July 26, 2010
This note is an announcement/reminder for a workshop on ecology outreach to non-traditional public audience at the upcoming ESA meeting.
Entitled: Got Broader Impacts? How the Research Ambassador Program Can Turn Outreach from Burden to Benefit, this workshop will help guide ecologists to create and implement useful and creative broader impacts in an efficient ways. We will draw upon successful models whose audiences include faith-based communities, legislators, artists, urban youth, and incarcerated men and women.
Workshop participants will be asked to complete a short “outreach profile”, which will help to focus the outreach scenarios we design to maximize the appropriateness of the audience and the mode of communication. We anticipate that each attendee will leave the Workshop with new and useful ideas for ways to bring their ecological research to public audiences that go well beyond academia.
This workshop is part of the new “Research Ambassador Program”, which has been funded by a research grant from the Ecosystems Program at the National Science Foundation. Workshop attendees will become eligible for becoming a “Research Ambassador”, which provides access to further outreach training, resources, and evalution materials.
Because this Workshop does not require signing up in advance, we would appreciate your sending us a note if you intend to attend so that we may better plan our activities.
Below is the Workshop description. The workshop will take place on Monday, Aug. 2, from 8-10 pm, in 414 David Lawrence Convention Center.
Monday, August 2, 2010: 8:00 PM-10:00 PM
WK 17 – Got Broader Impacts?

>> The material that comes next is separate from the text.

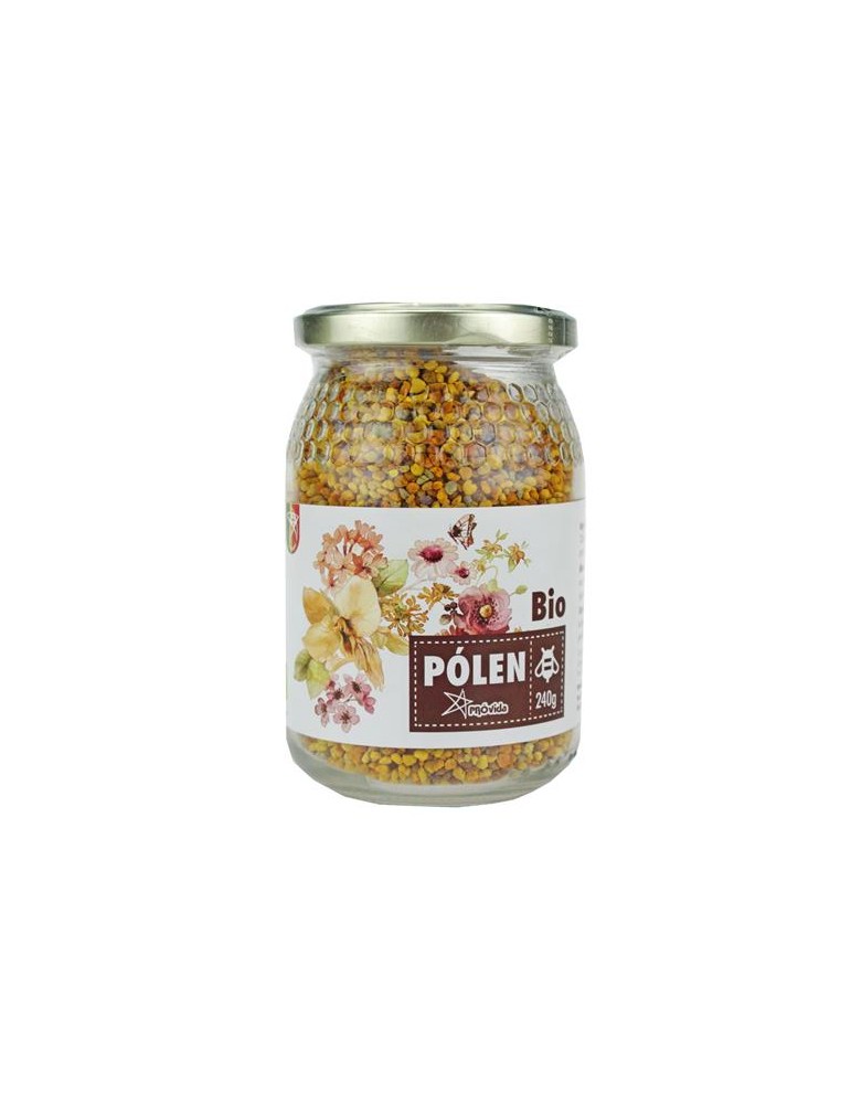 Pólen BIO 240g. Pólen de flores, 100% natural de produção biológica. PT-BIO-O4. Agricultura Portugal.Declaração nutricional por 100g: Energia – 1584kJ/374kcal; Lípidos- 3,2g, dos quais saturados- <3,2g; Hidratos de carbono- 65,8g, dos quais açúcares- 41,1g; Fibra- 5,1g; Proteínas- 18g;Sal- 0,1gPara um melhor aproveitamento e efeito imediato, o pólen deve ser consumido em jejum e mastigado; desta forma, devido à salivação e trituração haverá uma maior assimilação pelo organismo humano. Também pode ser consum

How the Research Ambassador Program Can Turn Outreach from Burden to Benefit
With the increasing gulf between humans and nature, and pressing global environmental issues, high-level science administrators are calling for scientists to participate in the dissemination of their work to non-scientific audiences. However, little training exists for scientists to be effective, efficient communicators. The academic system has few rewards for outreach by scientists, and can even actively discourage them. However, funding sources such as National Science Foundation (NSF) are increasingly demanding that such work be done. In 2010, the Ecosystems Program of the NSF made an award to create the Research Ambassador Program. Our objectives are to recruit, train, and provide assessment tools for ecologists who wish to present their work to non-scientific audiences, particularly to audiences with little access to nature, or for whom science is not a part of their regular interests. This workshop draws on five years of successful science outreach to non-traditional audiences. In our session, we will: (1) articulate the obstacles and rewards that scientists face when carrying out research outreach; and 2) present successful case studies for such audiences as incarcerated men and women, faith-based communities, and urban youth. Then, each participant will describe his/her own research topic, and we will collectively brainstorm potential audiences and modes of communication by which outreach can be implemented. Finally, we will present models for materials that evaluate the audience’s and the scientists’ shifts in knowledge of content, attitudes, and behaviors.